Quizá lo más complejo para Tomás fue adiestrar a Nerón para que no regase el departamento con el producto de su digestión. El noble animal, comprendiendo la coyuntura de su amigo, todos los días le tendía una mano y esperaba, estoico, la llegada de su amo, quien solía invitarlo a recorrer el parque aledaño por las tardes.

Una vez habituado a su nueva realidad, Tomás concurrió al supermercado para abastecerse con frutas y verduras. Mientras seleccionaba unos duraznos, alzó la vista y se enfrentó cara a cara con una mujer que tomaba manzanas y peras. Era Consuelo. Aquella intempestiva situación los hizo palidecer y luego ruborizarse al mismo tiempo. A Consuelo se le cayó una manzana, que Tomás recogió lentamente. Permanecieron frente a frente por largos minutos. Todo el peso de su romance escondido e idílico viajó, repentinamente, al presente. Tomás repasó aquellas estimulantes y alegres jornadas, plagadas de códigos románticos de esperanza y armonía, de anónima e irreverente culpabilidad. Momentos en que el exclusivo testigo y fiel confidente había sido el mofletudo Nerón. Y así, entre aquel enjambre de miradas intensas y penetrantes, afianzaron la conjunción de sus vidas maduras.

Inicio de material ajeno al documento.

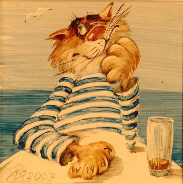 Сердобольная бабуля наливает ему по второй….К концу дня, в дым пьяный кот пришел в совершенно скотское состояние - орал не переставая матерные песни и выл так, что у соседей кровь стыла в жилах.
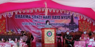 DETOTABUAN.COM, Bolmong – Bupati Bolaang Mongondow (Bolmong) Yasti Soepredjo Mokoagow, menghadiri perayaan Dharma Santi hari raya Nyepi tahun baru saka 1944 tingkat
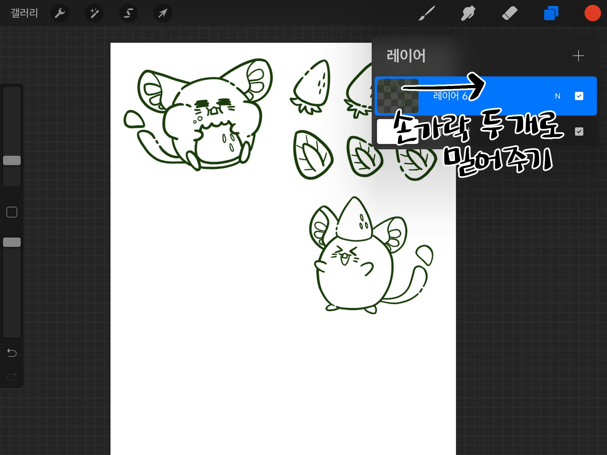 - 손가락 두 개를 이용해 레이어를 왼쪽에서 오른쪽으로 밀어줍니다.
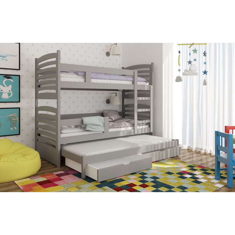 Dětská patrová postel pro tři KALA 2 - 75x180, šedá
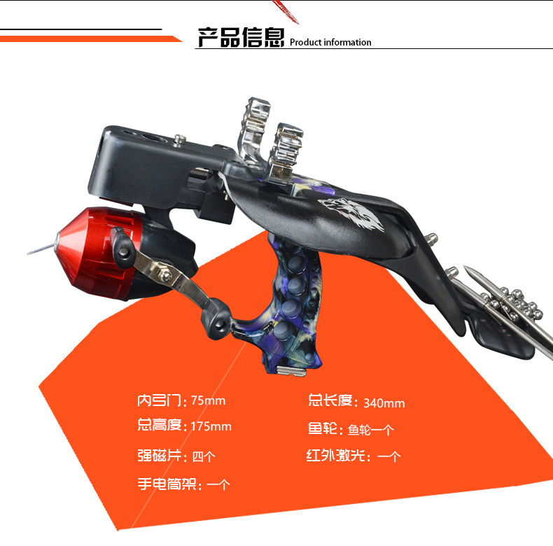 1 * Рогатка, 1 * Резиновая лента (Случайный цвет) *Рыболовная катушка 1 шт. * Сильный магнитный лист 4 шт. * инфракрасный лазер 1 шт. * фонарик 1 шт.
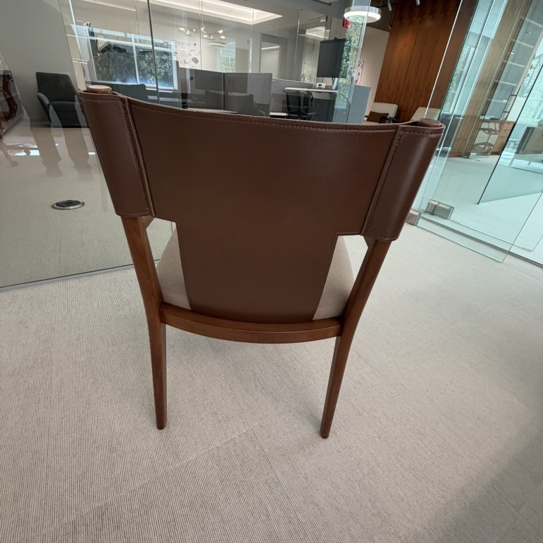 Joseph Juep Cimon Side Chair, Brown Leather Back, Wood Arms and Frame, Tan Fabric Seat, 22.5W x 23D x 33H
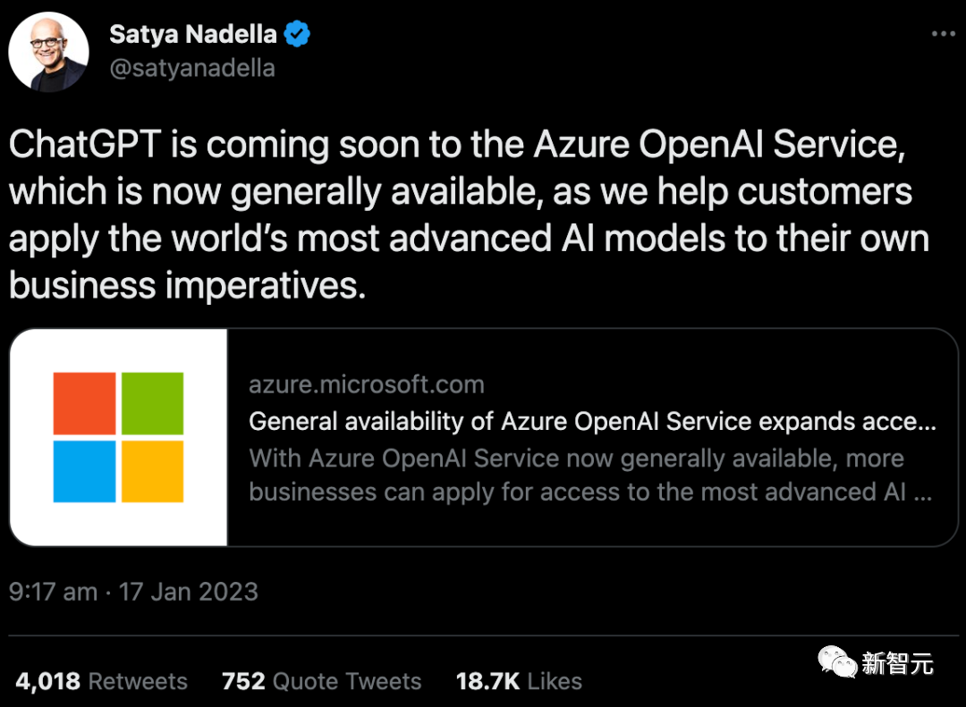 除了搜索引擎,ChatGPT也被微软火速整进了云平台Azure中。

Tras regalarse una sonrisa, ambos continuaron su camino hasta perderse en la gran masa de compradores. Ese frío e impersonal lugar desde ahora sería el punto de encuentro de dos almas coincidentes en la forma de conducir sus vidas. Así, aun sin nombres ni diálogos de por medio, la exquisita fragancia que emanaba de Consuelo consolidaba un renovado índice de cercanías, anulando sus fronteras.